The draw of this BBS, over any of the myriad of other local BBS’s run by teenage kids out of their bedrooms and basements (including the one by that time running out of my basement), was that it had “The Internet”, whatever that meant. “The Internet” in this case turned out to be an online door program, just like all the games I played at other BBSs’, but in this case, it just dropped you at a command prompt. Thankfully the BBS also had some instructions you could download, to get started. There was a ‘www’ program, which seemed dumb to me, no future in this world wide web thing, certainly, but there was also this thing called ‘ftp’, which was most certainly not dumb.
The BBS’s internet gateway was running Linux, of course, I forget the exact version but I recall it was kernel version 0.99 something or other. I knew just enough to ftp to a site, go to a directory that looked interesting, download the index file, then use ‘!’ to spawn a subshell and open the file in ‘vi’ to read the descriptions of each file and pick the ones I wanted to download, then exit the editor (Esc :q! seemed like the most random way to quit a program to me at the time), exit the subshell, ‘GET’ the files, and then finally quit ftp and the door and back to the BBS. Then another door to copy files from the Linux box to the BBS, and finally a file transfer area to actually download to my computer over the modem (a blazing 28.8k I believe by that time).
At the time, I had zero interest or understanding of what this Linux thing was. To me it was a glorified ftp client. It seemed clunky and had random weird commands and keystrokes for everything. It was nothing but a weird tool I needed to use to get awesome files from all over the world, and I used it to download all sorts of esoteric information and code to teach myself even more about the important world of computing– MS-DOS on a 486 home computer. I downloaded stuff like co-routine libraries for Turbo C, and specifications for accessing DPMI, the important stuff.
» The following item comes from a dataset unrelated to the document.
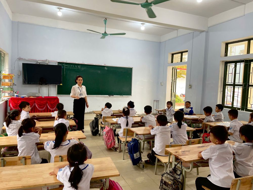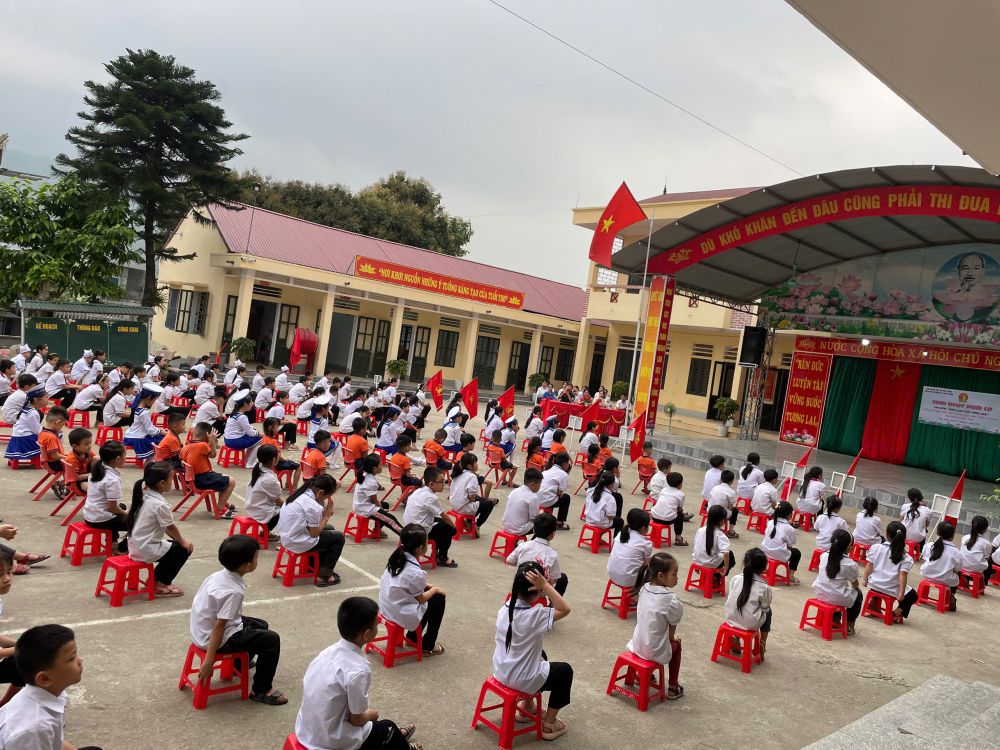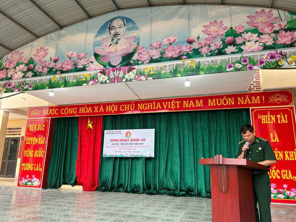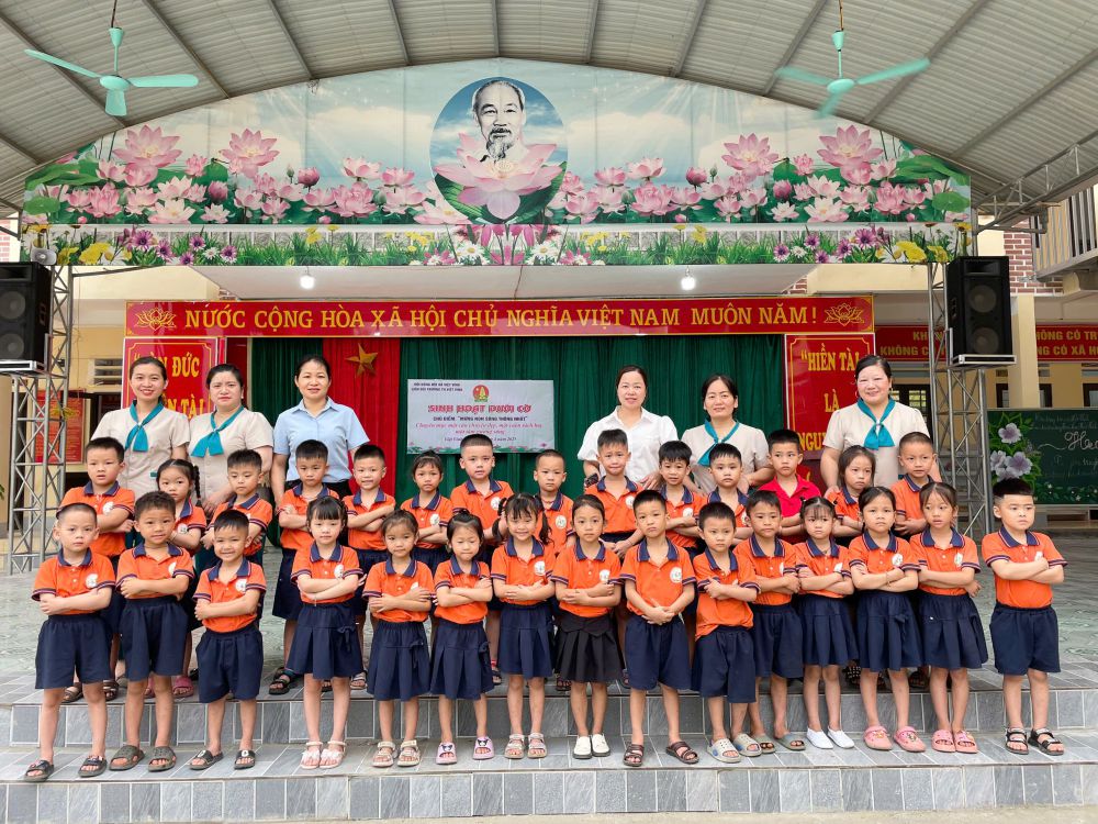 Trong không khí trang nghiêm của buổi lễ, các bé cùng các anh chị học sinh trang nghiêm chào cờ, hát Quốc ca, lắng nghe những lời nhắn gửi từ thầy cô, đặc biệt là phần ôn lại truyền thống hào hùng của dân tộc ta qua lời kể xúc động và chân thực của ông Nguyễn Xuân Quán – Phó Chủ tịch Hội Cựu chiến binh xã Việt Vinh.

It wasn’t until a couple of years later when I went off to college (lugging with my my tri-boot 486- MS-DOS, WindowsNT, and OS/2), that I discovered Linux for real– my room mate was a Linux fanboy and soon had me converted. Our in room dial-up to the school computers provided a terminal into our school computer system (running Ultrix, so my first “real” Unix experience). Rather than the two of us fighting over the room’s only phone line, we soon had SLIP set up on his computer, and a null modem running across the room to mine, which meant we could both be telnet’d into the schools computer at the same time. It was like living in the future! Or perhaps like living in 1972 for those whom MS-DOS wasn’t cutting edge. My computer soon became a quad-boot system, thanks to a Slackware disk, and over the next few years the other OS’s got less and less run time until I was down to just a dual boot Linux/MS-DOS system.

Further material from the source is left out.